The ostrich is an obvious model for investigating how large animals are affected by the large fluctuations in temperatures we will experience in the future. This is what postdoc Mads Fristrup Schou thinks. He has received an ERC Starting Grant of €1.5 million, and next year he will set up a new research group at the Department of Biology at Aarhus University.

An ostrich family photographed in Botswana. An adult ostrich can weigh up to 150 kg, so there is a long way to grow for the chicks, who weigh about 1 kg when they are hatched. In the meantime, they change from having problems with the cold to having problems with the heat.
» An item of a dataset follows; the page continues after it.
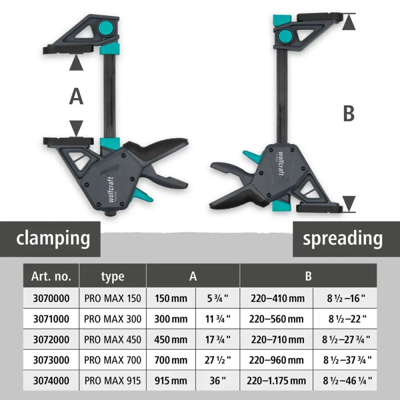PRO MAX ühekäe kiirpitstangid on wolfcrafti kõige võimsamad ühekäe kiirpitstangid. Arendatud kõrgeimate professionaalsete nõuete täitmiseks, pakuvad need tänu nutikale disainile ainulaadset töökogemust ja kindlat hoidmist. PRO MAX-i nutikas pumbamehhanism võimaldab teil kontrollida mitte ainult järjestikust pingutamist, vaid ka kiirpitstange ohutult ühe käega avada. Spetsiaalne hoova vabastusmehhanism tagab täieliku kontrolli, võimaldades pitstangide survet hõlpsalt ja turvaliselt vabastada ning pitstangide lõugu sujuvalt liigutada.

Photo: Paco Como / Colourbox
ClimAdaptLife is the name of the research project that has received a €1.5 million ERC Starting Grant and that will start on 1 May 2023. Photo: Mads Fristrup Schou

Before witty minds start to compare the way ostriches deal with climate challenges with how certain politicians do, we’d better clarify things. No, it's not about burying your head in the sand. Ostriches never do that.

The research project is about understanding the evolution of animal tolerance to cold and heat. The question is whether the genes that increase the heat tolerance in an animal also reduce its tolerance to cold.

Mads Fristrup Schou has received €1.5 million from the European Research Foundation to find out. He is currently a postdoc at the University of Lund, and he will use the grant to establish a research group at the Department of Biology at Aarhus University.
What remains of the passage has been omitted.